February 5, 2008

Memorizing the Order of Sharps and Flats with Scale Blocks

Filed under: Game Ideas, Scale Blocks, Teaching Ideas — natalie @ 7:36 am

In September of last year I made several sets of scale blocks. I’ve been using them periodically during lessons, but I decided to make more of a concerted effort to use them as a teaching and reinforcement tool with my students. Joey just finished learning all of his major scales, thanks to the aid and motivation of the scale chart in the front of his assignment book. Before we move on to the minor scales I told him that I want him to be able to immediately recall how many sharps or flats each key has and what they are. For example, I would say, “A Major” and he would reply, “3 sharps - F#,C#,G#.” I decided that step one toward that goal would be memorizing the order of sharps and flats. Enter: scale blocks!


After discussing how to figure out the pattern initially, Joey arranged the blocks in the correct order. I timed him and it took 25 seconds. I gave him 2 more chances to beat his time and he decreased it substantially each time, with a final time of 7 seconds. Next week at his lesson he’s going to see if he can beat that record! We repeated the same process with the flats. Part of his assignment this week is to write the complete order out on the staff in his manuscript book each day of the week in both bass and treble clef while saying their names out loud.


We both had fun and decided that using scale blocks is a great way to memorize the order of sharps and flats!

I’m going to continue trying to squeeze out my creative juices to come up with other fun ways to use the scale blocks. Does anyone else have any ideas they’d be willing to share?

September 11, 2007

Make Your Own Scale Blocks

Filed under: Game Ideas, Scale Blocks, Teaching Ideas — natalie @ 11:23 pm

Inspired by this Bag O’ Blocks and several others like it that I’ve seen, I decided to try making my own scale blocks. I could have just bought this wonderful set from Music Educator’s Marketplace, but I wanted to have several octave sets and couldn’t afford to buy more than one.

So, I began my creative endeavor with the following supplies:

60 one-inch wooden blocks, matte finish craft paint, 4 one-inch paint sponges, small paint brush, a can of clear acrylic sealer (also matte finish)

Step 1:

Make sure I know what I’m doing.
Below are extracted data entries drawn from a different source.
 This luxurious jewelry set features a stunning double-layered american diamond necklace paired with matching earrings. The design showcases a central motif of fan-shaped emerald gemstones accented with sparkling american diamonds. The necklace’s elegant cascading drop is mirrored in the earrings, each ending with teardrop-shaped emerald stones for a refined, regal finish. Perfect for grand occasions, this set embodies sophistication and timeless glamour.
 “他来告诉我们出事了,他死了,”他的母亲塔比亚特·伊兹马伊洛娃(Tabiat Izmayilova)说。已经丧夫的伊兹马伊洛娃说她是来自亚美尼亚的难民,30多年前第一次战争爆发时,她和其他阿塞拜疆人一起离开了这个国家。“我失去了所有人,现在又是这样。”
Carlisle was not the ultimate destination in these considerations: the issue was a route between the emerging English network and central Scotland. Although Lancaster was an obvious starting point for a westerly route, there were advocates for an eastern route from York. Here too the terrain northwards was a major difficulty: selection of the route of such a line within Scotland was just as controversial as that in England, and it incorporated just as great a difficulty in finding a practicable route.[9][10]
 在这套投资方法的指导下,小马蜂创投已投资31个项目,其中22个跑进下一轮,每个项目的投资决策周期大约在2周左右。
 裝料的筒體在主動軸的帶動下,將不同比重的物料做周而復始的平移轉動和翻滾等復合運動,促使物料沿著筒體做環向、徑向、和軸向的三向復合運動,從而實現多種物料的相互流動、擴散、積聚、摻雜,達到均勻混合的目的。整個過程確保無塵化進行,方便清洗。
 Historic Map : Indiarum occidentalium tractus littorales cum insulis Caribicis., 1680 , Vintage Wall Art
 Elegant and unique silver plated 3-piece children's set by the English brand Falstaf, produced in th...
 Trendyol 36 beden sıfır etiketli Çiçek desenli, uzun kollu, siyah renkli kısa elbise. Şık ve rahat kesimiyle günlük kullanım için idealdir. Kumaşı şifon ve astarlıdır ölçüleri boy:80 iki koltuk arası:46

I drew up this little diagram so that I would know which blocks needed to be painted white-black-white-black and which ones needed to be painted white-white-white-black.

Step 2:

Start painting! I painted white first that way if there was overlap, the black would cover it up.

Step 4:

Keep painting! Since there were two sides that didn’t need key names, I decided to paint them in my studio colors: red and yellow. The longest part of this project was painting all the key names. It would have probably worked (and definitely been faster!) to use a paint pen, rather than a brush, but I didn’t have any on hand and didn’t feel like making a run to the store.

Step 5:

The paint dried very fast, so as soon as I finished the last key name I took them outside and sprayed them with the acrylic sealer. I left them out to dry for about 10 minutes, then turned them over and sprayed the other side. After about another 10-15 minutes, they were done. (I definitely advise using a sealer. It was amazing how much better the blocks looked and felt after they were sprayed with it. I can tell they will last longer this way!)

Step 6:

Bag them up, with two complete octaves per set, and think of lots of ways to use them! I’ve already used the scale blocks at least 5 times this week and hope to post some specific ideas in the future. They are such a blast!